Payment orchestration platforms (POPs) are suddenly everywhere as solution-shopping for the great American reopening gets underway in earnest. The inaugural edition of the Payments Powering the Platform Economy Report, a collaboration of PYMNTS and Payoneer, offers an in-depth examination of how tailoring payments to geographic markets helps online sellers connect customers with goods during periods of upheaval, or in the regular course of business.
The lure of new markets and customers is powerful, and a global presence is now available to the smallest of online retailers, but there’s a right way to expand into overseas territories.
“Merchants need to offer international customers their preferred payment methods to best cater to them, yet they must do so in a way that is fast and secure for their businesses,” the report states.
“Many merchants often resort to partnering with multiple payment service providers (PSPs) to meet the payment needs of customers from around the globe. Merchants can find it time-consuming to integrate with various PSPs and cumbersome to manage all these disparate providers, however.”
Many Services, One Unified Experience
Reducing friction is the domain of payment orchestration platforms (POPs), “…that can help businesses tailor their purchasing experiences to each market’s local preferences. POPs also help businesses optimize customers’ experiences, improve conversion and payment acceptance rates, manage transaction flows, analyze payment performance and mitigate risks.”
As even SMBs add increasingly cloud-based technologies, management of data and tools themselves becomes a bear for many organizations. An agglomeration of payment service providers (PSPs) may make sense as merchants add more payment options. But synchronizing that level of complexity – in new markets, and at a time of pandemonium – requires a higher order of computing power and muscle. That’s where POPs are proving valuable now.
“Businesses can provide more convenient experiences by offering tailored payment options to each market. This is normally done by establishing connections to PSPs that operate in local markets and offer the payment methods preferred in specific regions,” the report states.
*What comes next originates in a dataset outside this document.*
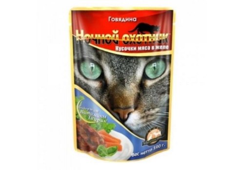 Ночной охотник Влажный корм Паучи для кошек Говядина кусочки в желе (цена за упаковку) 100г х 24шт
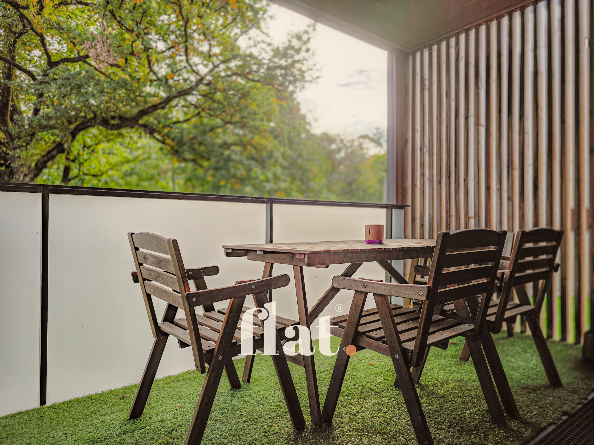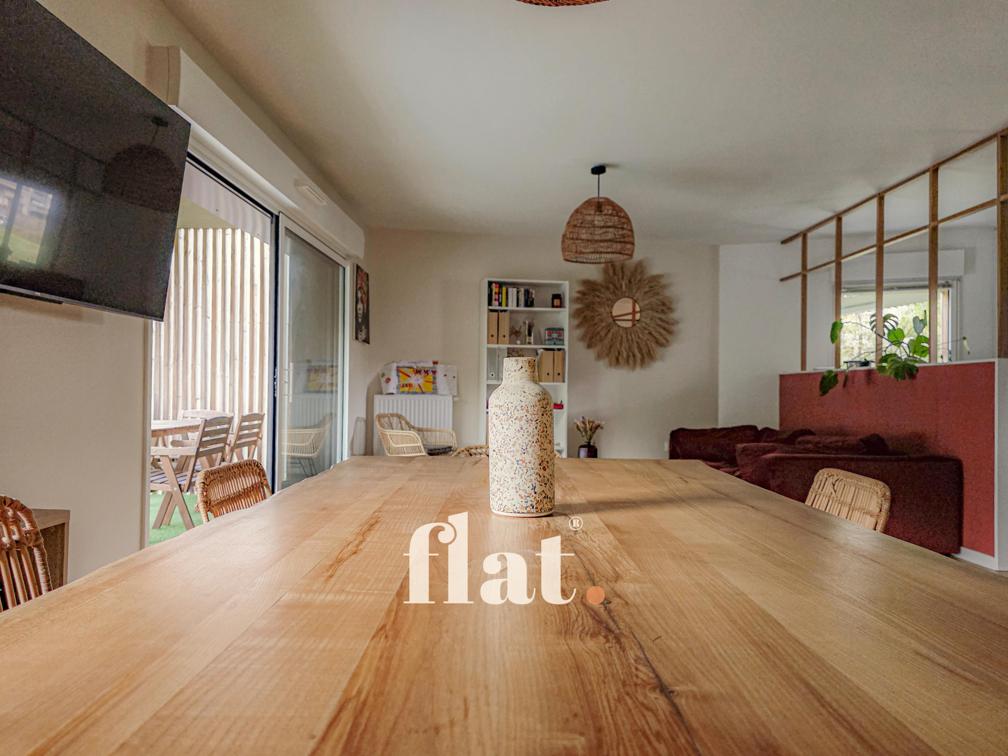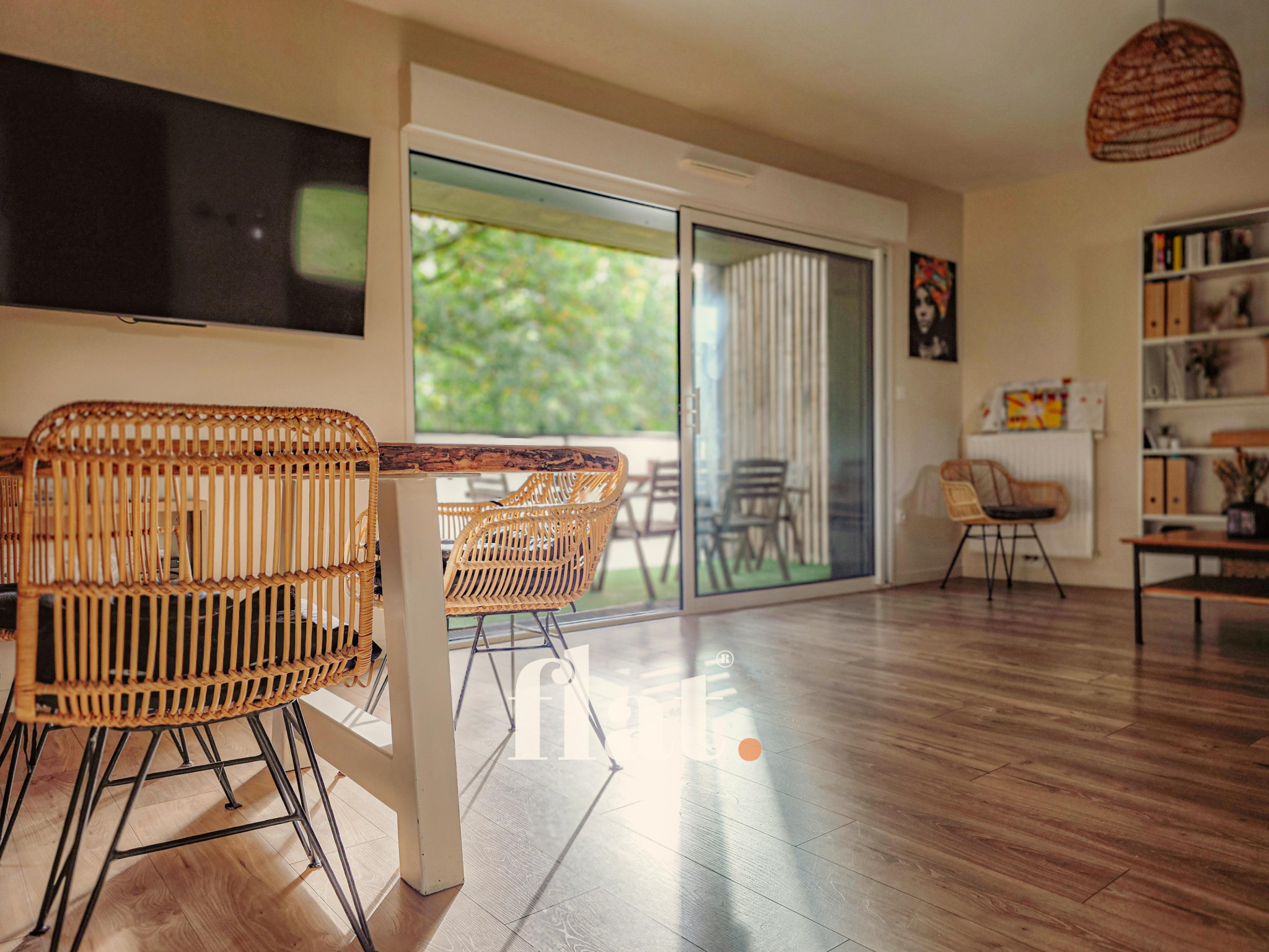 - Pièce de vie avec vue sur un parc arboré depuis le balcon/terrasse.

“Businesses can easily connect to many PSPs at once by turning to POP providers, firms with global experiences that can enable merchants to quickly add and manage payment types without undergoing the involved process of integrating separately with each PSP. Payment orchestrators instead offer modular and open application programming interfaces (APIs) that businesses integrate with once,” the report states, adding that “this streamlined process can be especially beneficial for cross-border merchants because it helps them easily integrate with payment providers from different markets and regions.”
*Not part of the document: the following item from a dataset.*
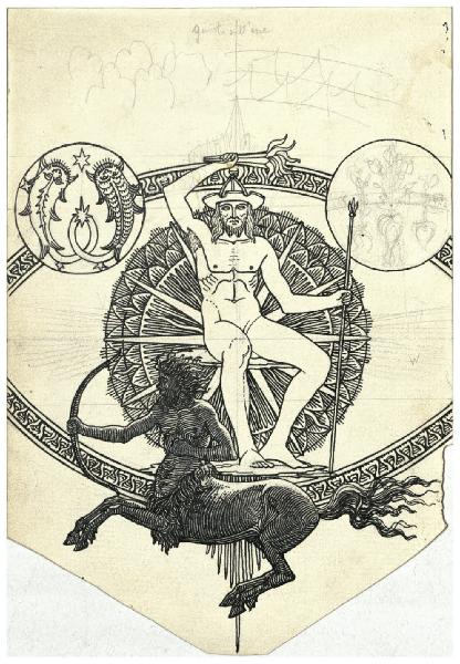 - NOTIZIE STORICO CRITICHE Il Pianeta Giove fa parte di una serie di acqueforti dedicata ai sette Pianeti, di cui Disertori ha effettivamente portato a termine solo l'intaglio di tre grandi lastre: Venere, 1924 (Bellini-Alberti 45), Giove, circa 1926 (Bellini-Alberti 44) e Mercurio, 1947-48 (Bellini-Alberti 61). Il Fondo Disertori del Gabinetto dei Disegni del Castello Sforzesco è ricchissimo di elaborati grafici afferenti a tale progetto, declinati dai primi abbozzi compositivi sino ai più finiti studi di dettaglio. In questo senso il Pianeta Giove (non datato ma realizzato entro la primavera del 1926, quando l'opera è stata presentata alla Biennale di Venezia) costituisce un esempio altamente rappresentativo. Le prime idee per il gruppo del pianeta possono rintracciarsi in un piccolo nucleo di studi a penna, tracciati su fogli di un quaderno a quadretti (inv. FD D 363, 383, 557, 1236 e 1950) con Giove assiso, in qualche caso cinto dall'abbraccio di Ganimede, mentre la prima idea compositiva per l'insieme si rintraccia in un bozzetto dove è già riconoscibile il profilo turrito della città di Siena (inv. FD D 180). Il primo pensiero per questa serie, di cui aveva immaginato inizialmente il Pianeta Venere, deve collocarsi nel 1923, quando l'artista si stabilisce a Firenze, come lui stesso ricorda in un racconto autobiografico (R. Maroni, Benevenuto Disertori Peregrinus de Tridento Incisore e umanista, Trento 1954, p. 28, "abitavo allora in Firenze"). \nLe diverse possibilità esplorate per la composizione del gruppo nel cielo (inv. FD D 1778; FD D 1792) prevedono tutte la presenza del segno zodiacale del Sagittario (casa principale del pianeta), quello dei Pesci (sua casa secondaria) e infine l'aquila. Diversi sono i fogli nei quali Disertori ha indagato attraverso studi di nudi maschili dal vero, la posa di Giove. Presente in collezione anche la veduta di Siena eseguita secondo la testimonianza dell'artista dal campanile dei Servi (Disertori in Maroni, 1954, p. 28), e in seguito rielaborata "in modo che la cattedrale apparisse ad uno sguardo contigua al Palazzo del Comune, a significare la dualità dei poteri spirituale e civico, soggetti al dominio dell'equanime iddio". Resta da comprendere la funzione dei numerosi ricalchi su carta da lucido tanto dei dettagli come della composizione d'insieme, che con una certa prudenza si propone di datare verso l'epoca di esecuzione della stampa.
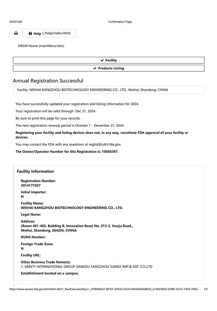 FDA 2024年注冊憑證

Cross-Border, Cross Your Heart
Merchants are working harder than ever to provide frictionless, touchless customer experiences. It’s ambitious to say the least – and so much of the all-important consumer experience relies on payments and seamlessness (or lack thereof).
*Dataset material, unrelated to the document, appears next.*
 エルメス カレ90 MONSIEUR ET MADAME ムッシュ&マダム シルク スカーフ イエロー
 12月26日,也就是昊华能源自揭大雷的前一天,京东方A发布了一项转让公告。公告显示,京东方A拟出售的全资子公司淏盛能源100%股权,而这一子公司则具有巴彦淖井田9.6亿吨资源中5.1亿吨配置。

“Offering a tailored payment experience for international shoppers comes with plenty of operational challenges,” Daniel Smeds, founder and CEO of Optile, a Payoneer-owned POP, told PYMNTS. “As 41 percent of global customers demand the availability of their preferred payment methods, offering them just the right mix of payment solutions is one of the key tasks for cross- border eSellers. To ensure a frictionless and uniform payment experience, online merchants [must] integrate multiple payment providers.”
“This process often comes with high costs and demands extensive internal resources,” he said. “While building payment connections in-house, businesses risk ending up with a disintegrated, fractured payment setup. This can result in a flawed customer experience, decreased payment acceptance and high transaction costs and fraud rates. To address these challenges, merchants can tap into the capabilities of a payment orchestration platform.”